## What this task involves
Omit the pictures and output every entry below exactly as written.

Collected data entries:
===
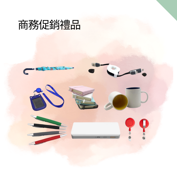 商務促銷禮品包括遮陽傘、充電線、筆記本、馬克杯、識別證套、原子筆、行動電源和識別夾,兼具實用與品牌宣傳效果,是展會和活動的最佳贈品選擇。
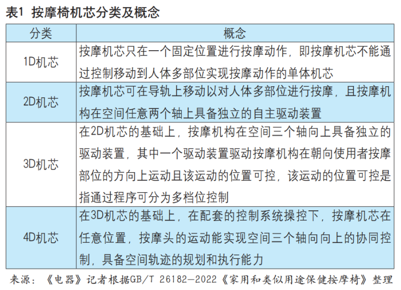 按摩机芯分类、“零重力”和“零靠墙”是当前新版按摩椅国家标准实施后,遇到问题最多的3个内容。新版按摩椅国家标准明确定义了机芯分类(详见表1)。据张云龙介绍,该机芯分类标准杜绝了6D和8D机芯这种夸张宣传,但另一方面,有一些企业在3D和4D机芯宣传时“打擦边球”。
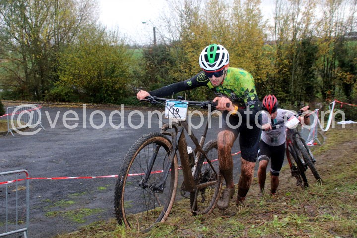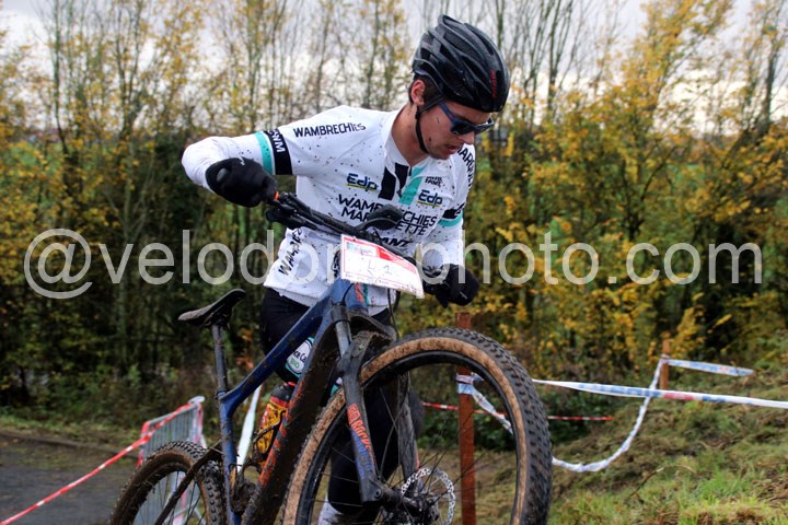 Si devant Flavien Menin évoluait de belle manière en tête de course. Derrière la grande bagarre continuait à être intense avec le beau retour de Thomas Meynet ( VTT St Amand ) qui courrait lui en solo et accompagné de Kenny Codeville ( ECWM ).
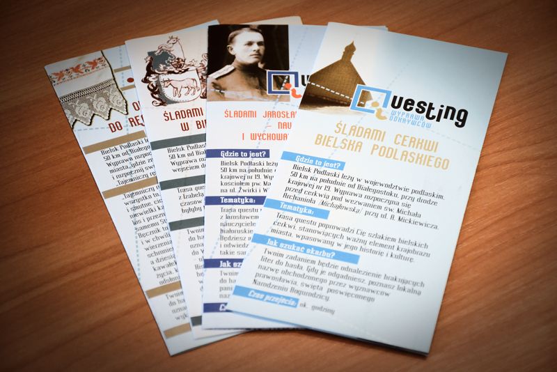 Questy zostały przygotowane przez uczniów bielskich szkół - uczestników projektu „Questing – wyprawa odkrywców” realizowanego przez Fundusz Lokalny na Rzecz Rozwoju Społecznego. O tym, czym jest quest i na czym polega, można było się przekonać podczas promocji drukowanych folderów zawierających trasy turystyczne po Bielsku Podlaskim, która miała miejsce 16 grudnia w bielskim muzeum. Mówiąc w dużym skrócie istotą projektu było odnalezienie przez młodzież interesujących miejsc, postaci historycznych i przedstawienie ich w postaci wierszowanej trasy turystycznej z zagadką i nagrodą. Efektem wielu spotkań oraz warsztatów jest kilka questów, m.in.: Śladami Izabeli Branickiej w Bielsku Podlaskim, Od nasionka do ręcznika ludowego, Śladami Jarosława Kostycewicza – nauczyciela i wychowawcy młodzieży, Śladami cerkwi Bielska Podlaskiego, które już wiosną będzie można otrzymać w Muzeum w Bielsku Podlaskim. Podobne questy istnieją już w innych miastach województwa podlaskiego, tym bardziej cieszymy się, że od nowego sezonu dołączy do nich również Bielsk Podlaski. Nic, tylko zwiedzać! Zapraszamy.
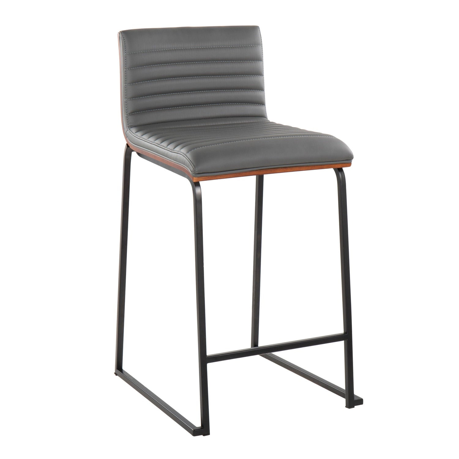 Mason Mara - Contemporary Fixed Height Counter Stool (Set of 2) - Black / Walnut / Gray
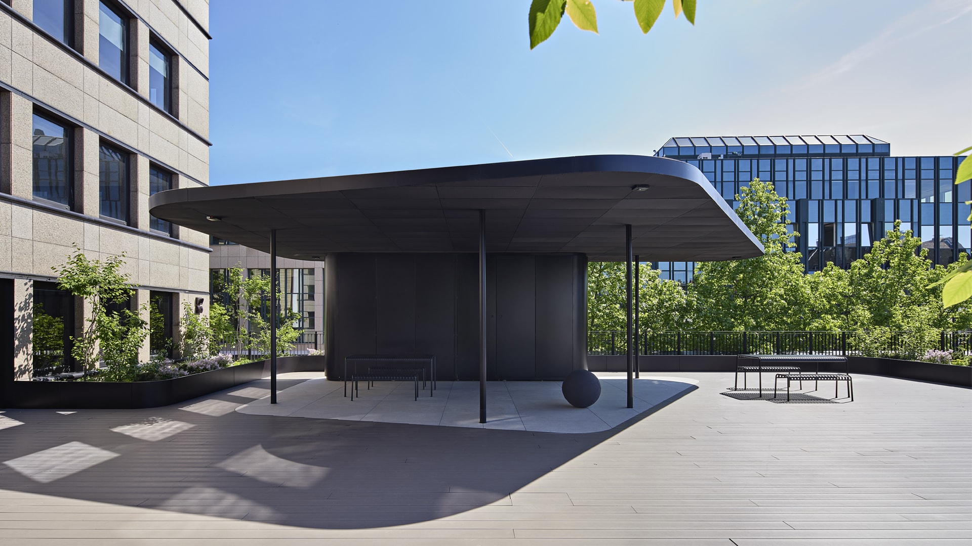 Als Teil des Konferenzbereichs ist eine Terrasse mit kleinem Tee-Pavillion und Begrünung umgestaltet worden. Eine kleine Oase inmitten der Stadt.
===
## Solution for this problem
 商務促銷禮品包括遮陽傘、充電線、筆記本、馬克杯、識別證套、原子筆、行動電源和識別夾,兼具實用與品牌宣傳效果,是展會和活動的最佳贈品選擇。
 按摩机芯分类、“零重力”和“零靠墙”是当前新版按摩椅国家标准实施后,遇到问题最多的3个内容。新版按摩椅国家标准明确定义了机芯分类(详见表1)。据张云龙介绍,该机芯分类标准杜绝了6D和8D机芯这种夸张宣传,但另一方面,有一些企业在3D和4D机芯宣传时“打擦边球”。
 Si devant Flavien Menin évoluait de belle manière en tête de course. Derrière la grande bagarre continuait à être intense avec le beau retour de Thomas Meynet ( VTT St Amand ) qui courrait lui en solo et accompagné de Kenny Codeville ( ECWM ).
 Questy zostały przygotowane przez uczniów bielskich szkół - uczestników projektu „Questing – wyprawa odkrywców” realizowanego przez Fundusz Lokalny na Rzecz Rozwoju Społecznego. O tym, czym jest quest i na czym polega, można było się przekonać podczas promocji drukowanych folderów zawierających trasy turystyczne po Bielsku Podlaskim, która miała miejsce 16 grudnia w bielskim muzeum. Mówiąc w dużym skrócie istotą projektu było odnalezienie przez młodzież interesujących miejsc, postaci historycznych i przedstawienie ich w postaci wierszowanej trasy turystycznej z zagadką i nagrodą. Efektem wielu spotkań oraz warsztatów jest kilka questów, m.in.: Śladami Izabeli Branickiej w Bielsku Podlaskim, Od nasionka do ręcznika ludowego, Śladami Jarosława Kostycewicza – nauczyciela i wychowawcy młodzieży, Śladami cerkwi Bielska Podlaskiego, które już wiosną będzie można otrzymać w Muzeum w Bielsku Podlaskim. Podobne questy istnieją już w innych miastach województwa podlaskiego, tym bardziej cieszymy się, że od nowego sezonu dołączy do nich również Bielsk Podlaski. Nic, tylko zwiedzać! Zapraszamy.
 Mason Mara - Contemporary Fixed Height Counter Stool (Set of 2) - Black / Walnut / Gray
 Als Teil des Konferenzbereichs ist eine Terrasse mit kleinem Tee-Pavillion und Begrünung umgestaltet worden. Eine kleine Oase inmitten der Stadt.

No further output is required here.